**Dataset:**

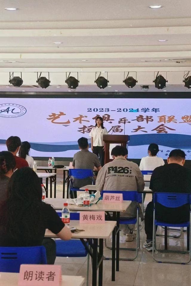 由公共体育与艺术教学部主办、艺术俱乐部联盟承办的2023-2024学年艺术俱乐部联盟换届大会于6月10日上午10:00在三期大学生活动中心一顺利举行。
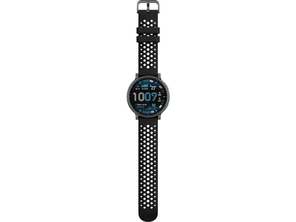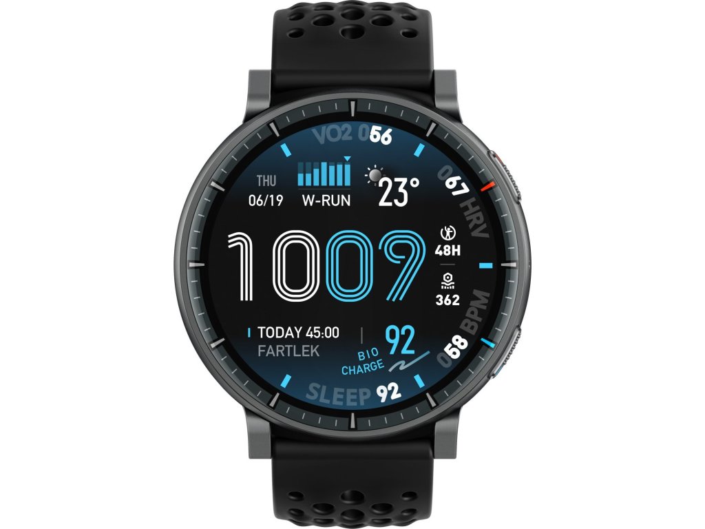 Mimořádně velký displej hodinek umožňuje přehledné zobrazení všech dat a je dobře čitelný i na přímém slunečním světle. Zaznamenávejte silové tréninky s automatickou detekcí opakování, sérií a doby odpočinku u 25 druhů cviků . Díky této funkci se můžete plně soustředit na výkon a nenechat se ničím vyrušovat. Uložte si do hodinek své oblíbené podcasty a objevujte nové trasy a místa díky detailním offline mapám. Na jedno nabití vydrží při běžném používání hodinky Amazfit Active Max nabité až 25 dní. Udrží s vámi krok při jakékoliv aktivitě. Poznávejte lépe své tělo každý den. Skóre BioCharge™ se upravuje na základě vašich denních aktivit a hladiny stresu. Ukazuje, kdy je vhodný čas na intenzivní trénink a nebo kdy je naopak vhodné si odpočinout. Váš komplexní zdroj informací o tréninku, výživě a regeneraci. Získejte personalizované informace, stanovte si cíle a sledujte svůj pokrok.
* * *
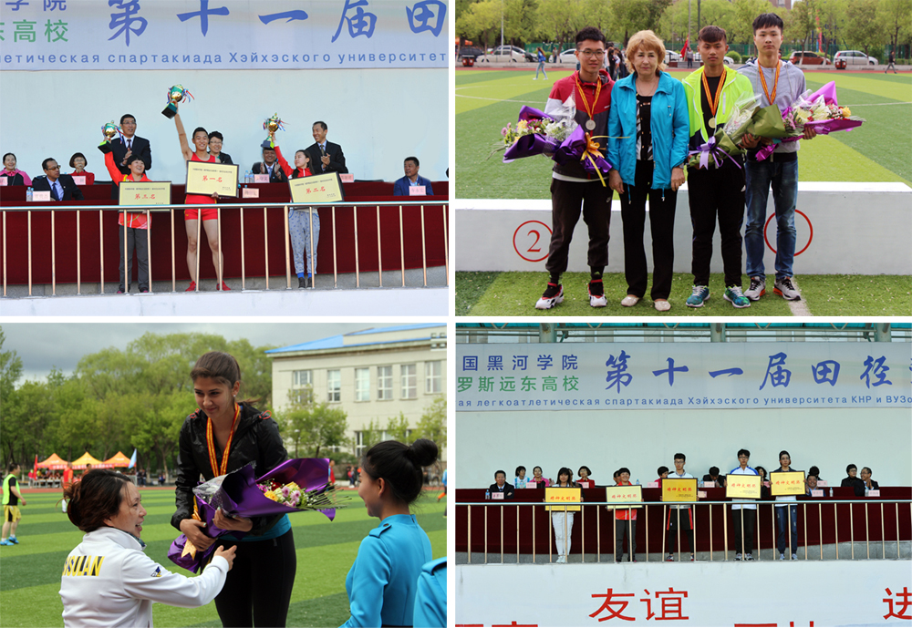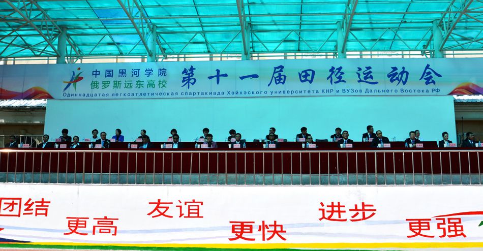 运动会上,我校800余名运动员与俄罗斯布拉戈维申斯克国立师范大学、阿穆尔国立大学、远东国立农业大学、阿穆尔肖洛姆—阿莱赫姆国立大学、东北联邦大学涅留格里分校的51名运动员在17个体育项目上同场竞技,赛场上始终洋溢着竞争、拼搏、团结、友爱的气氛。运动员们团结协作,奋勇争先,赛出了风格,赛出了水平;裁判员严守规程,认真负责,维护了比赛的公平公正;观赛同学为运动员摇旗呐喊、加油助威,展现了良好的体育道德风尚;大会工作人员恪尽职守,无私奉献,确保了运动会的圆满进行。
...
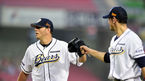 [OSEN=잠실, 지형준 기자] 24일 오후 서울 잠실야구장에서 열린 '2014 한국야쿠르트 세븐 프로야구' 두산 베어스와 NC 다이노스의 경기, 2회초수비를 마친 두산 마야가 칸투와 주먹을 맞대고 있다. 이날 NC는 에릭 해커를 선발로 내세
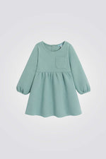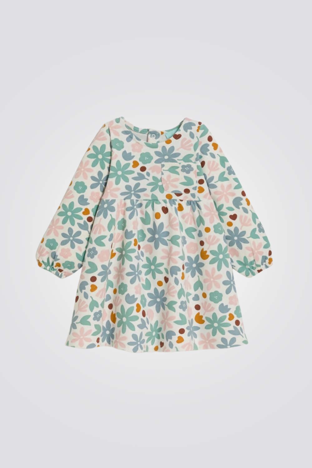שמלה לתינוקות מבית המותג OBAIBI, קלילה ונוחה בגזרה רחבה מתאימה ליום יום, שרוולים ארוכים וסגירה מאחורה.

**Instructions to follow:** Only one stretch of the listing above is to be duplicated: the lines from the one containing "[OSEN=잠실, 지형준 기자]" through the one containing "שמלה לתינוקות מבית", both included. Copy them exactly, minus the pictures.

**Task output:**
 [OSEN=잠실, 지형준 기자] 24일 오후 서울 잠실야구장에서 열린 '2014 한국야쿠르트 세븐 프로야구' 두산 베어스와 NC 다이노스의 경기, 2회초수비를 마친 두산 마야가 칸투와 주먹을 맞대고 있다. 이날 NC는 에릭 해커를 선발로 내세
שמלה לתינוקות מבית המותג OBAIBI, קלילה ונוחה בגזרה רחבה מתאימה ליום יום, שרוולים ארוכים וסגירה מאחורה.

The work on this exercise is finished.